Карпо Антоныч приглашал в рыжие санки-«козырки».
Остановившаяся — его, Федина, — лошадь (как странно: он только сейчас впервые осознал, что это его, собственная лошадь — гнедая, белогубая, с седой звездочкой на морде) нетерпеливо вскидывала голову и попеременно подымала передние ноги, словно и она торопила своего хозяина принять приглашение.
— Нет, поезжайте! — улыбнулся обмерзшим ртом Федя и почувствовал тогда, как успели уже обледенеть на морозе его мягкие усики.
— Воля ваша, — не настаивал извозчик. — А я — до дому! Собака — и то в конуру просится.
И проехал мимо Феди.
Добрых полчаса прождал он на морозе у здания чиновничьего клуба.
«А может быть, ее нет здесь, и я напрасно трачу время? — негодовал он. — Мерзну, как идиот, а она сидит где-нибудь в другом месте… или уже в номере?»
Он решил еще раз пройти мимо клубного подъезда — до угла улицы, а потом… потом, — он так и не знал собственно, что следует сделать потом.
«Нельзя так насмехаться надо мной! — раздражался Федя. — В самом деле… Думает, что я паж какой-то!» — приписывал он Людмиле Петровне слова жеманной Флантиковой.

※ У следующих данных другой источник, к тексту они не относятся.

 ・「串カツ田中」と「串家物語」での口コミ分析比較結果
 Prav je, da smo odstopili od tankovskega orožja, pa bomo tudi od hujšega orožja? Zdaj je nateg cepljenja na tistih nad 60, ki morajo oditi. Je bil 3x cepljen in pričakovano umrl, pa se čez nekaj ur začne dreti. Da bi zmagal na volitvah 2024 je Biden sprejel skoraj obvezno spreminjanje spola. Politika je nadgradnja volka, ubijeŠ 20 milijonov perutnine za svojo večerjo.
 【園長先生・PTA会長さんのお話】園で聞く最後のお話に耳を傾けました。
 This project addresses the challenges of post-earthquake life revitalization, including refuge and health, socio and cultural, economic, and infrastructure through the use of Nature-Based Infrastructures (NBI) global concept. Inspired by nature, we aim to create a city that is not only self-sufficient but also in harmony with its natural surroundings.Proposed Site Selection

Дойдя до угла и обернувшись, он увидел вдруг вышедшую из клуба Людмилу Петровну. Она была не одна: с ней прощался Теплухин.
«Наконец-то!» — обрадовался Федя.
Но возликовал преждевременно.
Теплухин побежал к извозчичьей стоянке — «вот был бы для Карпа Антоныча пассажир на целковый, нечего было уезжать с биржи!» — и Федя приготовился уже догонять Людмилу Петровну, однако неожиданное обстоятельство пресекло его решение: из клуба быстрым шагом вышел человек в папахе и военной бекеше и, взяв под руку Людмилу Петровну, пошел с ней в сторону гостиницы «Россия».

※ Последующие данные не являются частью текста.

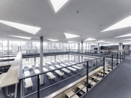 Der fünfgeschossige "Galeriesaal" ist der Lesebereich der Bibliothek. Er besteht aus vier umlaufenden, kontinuierlich sich nach oben verjüngenden, durch freistehende Treppen verbundene Emporen. Das lichte Grau der einheitlich gefärbten Wände, Böden und Treppen ermöglicht ein einzigartiges Raumerlebnis von fast spiritueller Leichtigkeit. In auffallendem Kontrast - farbig und "fleischlich" - hierzu stehen die in den Regalen aufgereihten Rücken der Bücher... Und natürlich die Menschen, von denen nicht wenige der Bibliothek einzig zur Besichtigung dieser außergewöhnlichen Architektur einen Besuch abstatten - ob durch die eigenen Augen oder durch das Objektiv einer Kamera schauend.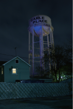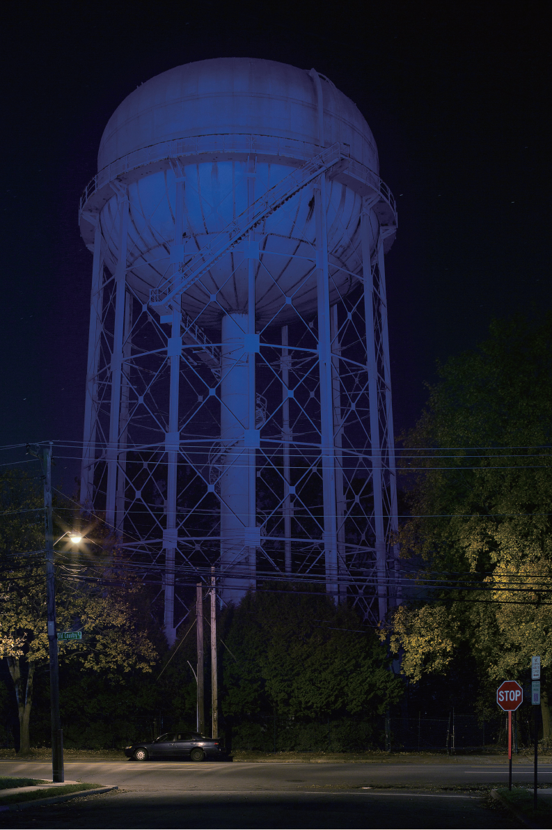 《隐形的丰碑》水塔系列作品是我住纽约郊区时的一组创作,在郊区几乎每个镇都会有一个大水塔,上面印有对应的镇的名字。一次偶然机会近距离经过一个水塔然后被其体积之庞大给震惊了。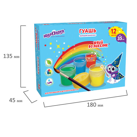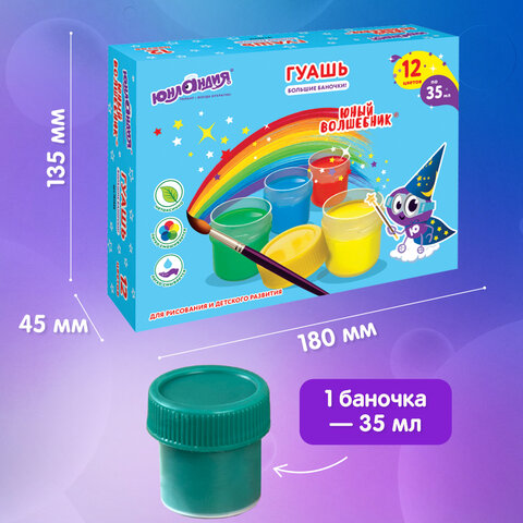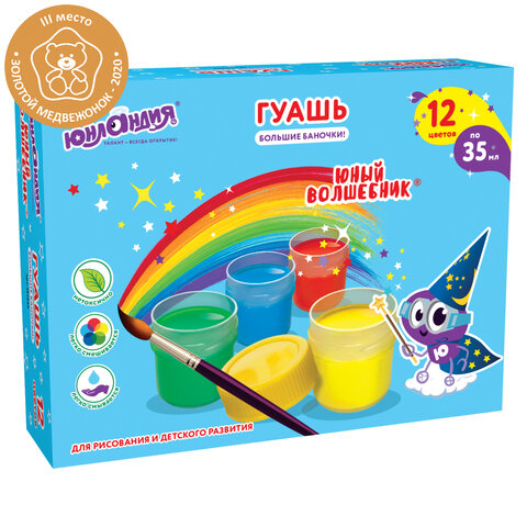 Гуашь ЮНЛАНДИЯ "ЮНЫЙ ВОЛШЕБНИК", 12 цветов по 35 мл, БОЛЬШИЕ БАНОЧКИ, высшее качество, 191336

«Вот те на! Кто же это! И почему они вместе? — рассердился еще больше Федя. — Боже, как она к нему прижимается… Ах, при чем тут холод, мороз?! — озлобленно глушил он свою собственную мысль, пытавшуюся было оправдать Людмилу Петровну. — Знаем мы эти штуки, сами не маленькие! Они там любезничали, а ты тут замерзай на посмешище!.. Мальчишка я, что ли?»
Федя шел теперь позади них шагах в тридцати. В такой мороз никто не оглядывается, можно спокойно следовать за ними, — правильно рассудил он, и, приблизившись еще на некоторое расстояние, он узнал по спине и широким плечам того самого офицера, которого несколько часов назад встретил в комнате Флантиковой.
Он вспомнил его закрученные кверху, растрепанные в концах рыжеватые усы, высокомерный тон, жирный, бульдожий басок, красовавшиеся на груди георгиевские кресты, почтительность, с какой говорила о нем хозяйка гостиницы; он приписал ему мгновенно, как это часто бывает в, таких случаях, еще несколько внешних черт — может быть, и выгодных для этого офицера, но потому и вызывавших в нем, Феде, чувство еще большей неприязни, так как в нем самом этих черт не было, — и по склонности своего вспыльчивого характера и присущей ему иногда мнительности Федя приревновал вдруг Людмилу Петровну к незнакомому полковнику.
К тому же долгое ожидание на морозе породило ту обидчивость и раздражительность, которая сейчас легко и безотчетно усиливала Федину ревность.
Любовь — кузнец подозрений. Любящий всегда верит тому, чего боится. Он всегда преувеличивает опасности для своего чувства, требующего нерушимой взаимности. Так было и с Федей Калмыковым.
Он приревновал сейчас к незнакомому офицеру. Но почему? И только ли к нему одному?
Он строил тысячи предположений, чтобы утвердить свои подозрения, и в каждое из них верил, как если бы в них уже и в самом деле убедился. Он верил в каждое из них, не дав себе труда поставить их в мыслях рядом одно с другим, — может быть, они опровергали бы тогда друг друга?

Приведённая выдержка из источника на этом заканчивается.